Don’t get me wrong. It’s a well-produced slick formula series that pushes all the right buttons, and it may do well. But it’s not a bit about justice and it continues that conviction-at-all-costs, defendants-are-scum philosophy (along with sensationalism) that was developed in the 27 or so Law and Order series.
There are a whole lot of very attractive young prosecutors having sex and dealing with their personal problems along with their prosecutorial jobs, and they end up at a bar at the end of the day à la Ally McBeal. But unlike Ally McBeal, the bars are meaningless (and so is the sex).
There’s the attractive African American prosecutor who never lost a case, (and to protect his record will dump the tough ones), the sloppy guy with his shirt-tails out who’s a good prosecutor but can’t handle his personal life, the attractive brunette who’s sleeping with her boss, the idealistic young man who comes from a privileged family and will have to shed that baggage.

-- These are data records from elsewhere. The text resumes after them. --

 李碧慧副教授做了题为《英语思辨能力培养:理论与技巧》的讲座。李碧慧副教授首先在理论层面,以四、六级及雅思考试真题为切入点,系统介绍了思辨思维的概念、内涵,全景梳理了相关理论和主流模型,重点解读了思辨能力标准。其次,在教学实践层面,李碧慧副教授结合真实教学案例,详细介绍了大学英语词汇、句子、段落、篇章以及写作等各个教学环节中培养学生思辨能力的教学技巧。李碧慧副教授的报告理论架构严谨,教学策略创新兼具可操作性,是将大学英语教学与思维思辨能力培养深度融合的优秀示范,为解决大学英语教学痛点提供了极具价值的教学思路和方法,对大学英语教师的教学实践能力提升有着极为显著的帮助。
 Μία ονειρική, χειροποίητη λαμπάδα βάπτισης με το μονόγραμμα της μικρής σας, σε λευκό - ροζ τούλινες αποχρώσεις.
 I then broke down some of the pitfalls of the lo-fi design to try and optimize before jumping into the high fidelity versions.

And I didn’t care about any of them.
There was one — an Assistant DA — that gave me just a glimmer of hope that here might be a character that cared about justice (and not just conviction). But they killed him off halfway through the pilot, in an apparent manipulative shock moment to make us see that prosecutors have tough, scary lives, and so we could feel for the young prosecutors who were sorry that their boss was dead.
Now lets take a look at the cases being prosecuted. Mostly drugs, of course. The marquee event was the Escobar case. The producers wanted to be sure there would be no question which side you should be on. The drug trafficker was a sleazy guy who would entice attractive blond white women into partying at his clubs and then convince them to swallow balloons of drugs and smuggle them. When one of the balloons broke and a girl started to OD, he personally slit her belly open to retrieve the drugs, all in the presence of her friend (who oddly had been allowed to turn down the drug smuggling offer and even more oddly was left alive to tell the story).

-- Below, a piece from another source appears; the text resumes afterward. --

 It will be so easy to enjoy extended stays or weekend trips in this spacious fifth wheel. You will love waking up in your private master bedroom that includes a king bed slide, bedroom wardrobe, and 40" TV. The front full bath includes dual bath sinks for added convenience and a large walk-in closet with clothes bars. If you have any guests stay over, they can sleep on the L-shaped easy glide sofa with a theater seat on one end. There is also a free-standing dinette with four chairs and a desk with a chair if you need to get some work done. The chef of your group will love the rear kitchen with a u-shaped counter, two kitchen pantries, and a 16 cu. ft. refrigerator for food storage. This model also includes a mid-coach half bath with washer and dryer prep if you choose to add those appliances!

The prosecutors were going to do anything to get their conviction.
At one point, when the witness is too scared to testify…
Arrest her.
There’s no proof she committed a crime.
Find some. A couple nights in Ryker and she’ll sing Bel Canto.

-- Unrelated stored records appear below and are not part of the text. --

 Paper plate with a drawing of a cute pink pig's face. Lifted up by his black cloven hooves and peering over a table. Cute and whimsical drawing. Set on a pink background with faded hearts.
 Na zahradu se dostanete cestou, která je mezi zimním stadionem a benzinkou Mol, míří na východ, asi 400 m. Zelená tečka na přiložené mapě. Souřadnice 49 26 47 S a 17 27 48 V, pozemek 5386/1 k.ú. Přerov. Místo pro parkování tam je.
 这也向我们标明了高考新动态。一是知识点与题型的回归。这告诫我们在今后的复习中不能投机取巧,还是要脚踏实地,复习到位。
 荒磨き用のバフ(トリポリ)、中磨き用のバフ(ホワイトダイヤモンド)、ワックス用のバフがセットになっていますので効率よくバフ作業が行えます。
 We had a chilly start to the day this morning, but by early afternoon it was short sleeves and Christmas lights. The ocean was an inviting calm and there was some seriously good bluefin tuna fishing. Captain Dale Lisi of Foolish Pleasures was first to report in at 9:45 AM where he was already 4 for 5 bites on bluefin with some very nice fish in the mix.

Later, they do arrest her, charging her with felony drug conspiracy and felony murder, in order to force her testimony.
The second case — the comic relief subplot case — was about a young black man arrested for selling crack.
The officer — an incredibly fat white man who looked like he’d have a heart attack if he walked 10 feet — tells the green prosecutor:
You didn’t plead him out? I appreciate your efforts, counselor, but this case is strictly N-H-I… there was No Humans Involved — it’s scum dealing drugs to scum. A less enlightened guy might say “who cares.”
The young prosecutor screws up every aspect of the case, from not knowing how to question a witness to losing track of the evidence, and the curmudgeonly judge helps her through these lapses.
In the trial, the defendant and his attorney (who claim he was framed) extensively (and rightly) ridicule the cop’s claim that he chased the defendant for 100 yards. I was convinced the defendant was innocent, and the jury seemed convinced as well. And then the young prosecutor steps up with her summation:
There’s no question that the defendent, by virtue of his charm and humor and eloquence was able to diminish the serious nature of the crime with which he’s been charged. I mean, let’s face it. He was funny. He made you laugh. He was, in a word, entertaining.
But picture him in a different setting — the street. A place where he deploys his humor and his charm and his eloquence to entice naive children to experiment with crack — the poison that he sells — the poison that decimates so many promising lives. And that, ladies and gentlemen… is not funny.
[At that point, a dramatic camera shift shows the judge, who smiles and nods — she did good]
Conviction.
Yep, it’s the “Drugs are bad, Mmmkay” prosecution. It wasn’t about witnesses, or developing a link between the evidence and the defendant. No. The prosecutor said “Drugs are bad,” and the jury said: “Well, the defendant must be guilty, then.”
Now, I understand that this is television. It’s not a documentary, and there’s no requirement that a dramatic television series reflect reality. And sterotypical exploitive criminal justice storylines are much easier to write and sell. I fully support the right of NBC to program whatever they wish and for individuals to watch it or not as they wish.
Also, the show is intended to be about the characters — the young prosecutors — and the actual prosecution is of secondary importance to the writers. And who knows — the characters may turn out to be interesting as the series continues.
But it does make me sad.
Audiences who follow this show are going to continue to get a viewpoint that the only thing that matters is conviction, the defendant is always scum, and that things like the Bill of Rights are annoyances around which the prosecution must navigate.
I’m just going to have to return to the television I can trust… on the Sci-Fi channel.